Monday, February 4, 2019

Using economics to justify our fears: The case of ageing and holidays

One of the great myths in economics is that there are substantial negative impacts from population ageing. But there is no economic basis for this fear. In fact, it is a good example of how economic reasoning is often used to provide a back-story for our instinct and emotion, rather than as a basis upon which to form a considered view.

For example, in the economic story we tell to justify our fear of ageing we use outdated assumptions about work patterns (over 15 years old is in the workforce, over 65 is not) and often ignore the counterbalancing effect of fewer young children needing care and schooling.

But when it comes to other discussions about policy, such as more public holidays, a shorter working week, or robots taking jobs, we pick a different economic story to make sense of our insecurities about losing our job.

In reality, the economics behind these two views are contradictory, as I will now show.

When it comes to ageing the economic story involves the calamity that might arise if the ratio of working to non-working people in the economy falls (the age dependency ratio). But imagine shifting your focus from this ratio to another ratio, which is the number of working to non-working days in the economy each year (the workday dependency ratio).
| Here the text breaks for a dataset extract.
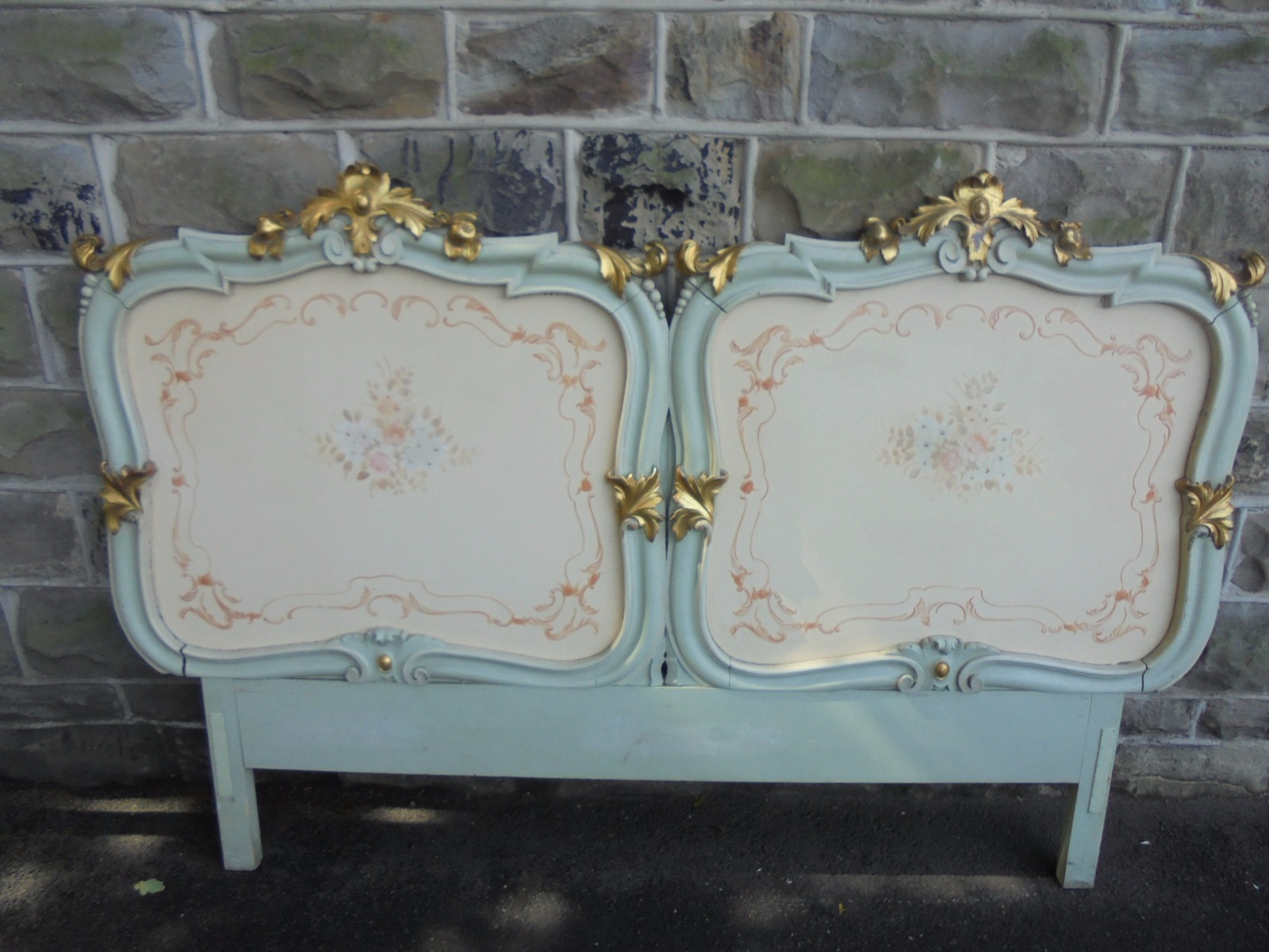 Decorative Antique Carved & Polychrome Painted Headboard (1 of 1)
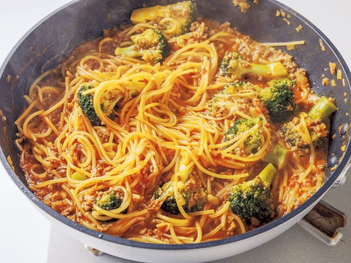 3. フライパン1つ・10分煮るだけ!簡単すぎる『ワンパンミートソースパスタ』のレシピ

Both are equivalent ways to conceptually carve up the total work done in the economy—either by people or by time— since Yearly Output = Working People (WP) x Working Days (WD).

In the absence of changing work norms, ageing may reduce output by reducing the first term in this equation as a share of total people. But so too will any policy change that reduces someone's working years of life, such as introducing additional years of schooling.

The number of working days (or even hours) per year is a function of many things, like norms about overtime, limits on weekly hours, weekends, statutory holidays, and more. Changes in these variables can also reduce output if they reduce yearly work time.

According to the Australian Bureau of Statistics, expected ageing in Australia over the next 15 years is likely to increase the age dependency ratio by 18%. This is the ratio that justifies fears about population ageing.

But where is the fear about shorter working years? We can, for example, look at what would happen if Australia had the same number of annual vacation days at the UK of 37 compared the current 28. Some sources say that leading the charge of fewer work days are countries such as Austria with 38 vacation days, and out in the lead are Brazil and Sweden with 41 days!






If Australia merely adopted the yearly workdays of the UK then we would increase the workday dependency ratio by 11%. If we went crazy and had six-weeks annual leave and hit the world-leading 41 days paid annual leave, then our workday dependency ratio would increase 16%, or nearly the same as the increase in the dependency ratio that is so feared when it comes to ageing.

If a higher age dependency ratio is a major economic problem, then so too is a higher workday dependency ratio. One cannot be an economic problem if the other is not. I'm not the first to say this. Dean Baker has said it all before.

This is just one example to show how our policy debates are not shaped by raw economic reasoning, but are instead shaped emotions, instinct, and more often than not, by interest groups. Economic reasoning is then used to justify opinions already held, and the economic reasoning used to justify one view need not be consistent with the reasoning used to justify any others. That's just the way human minds work.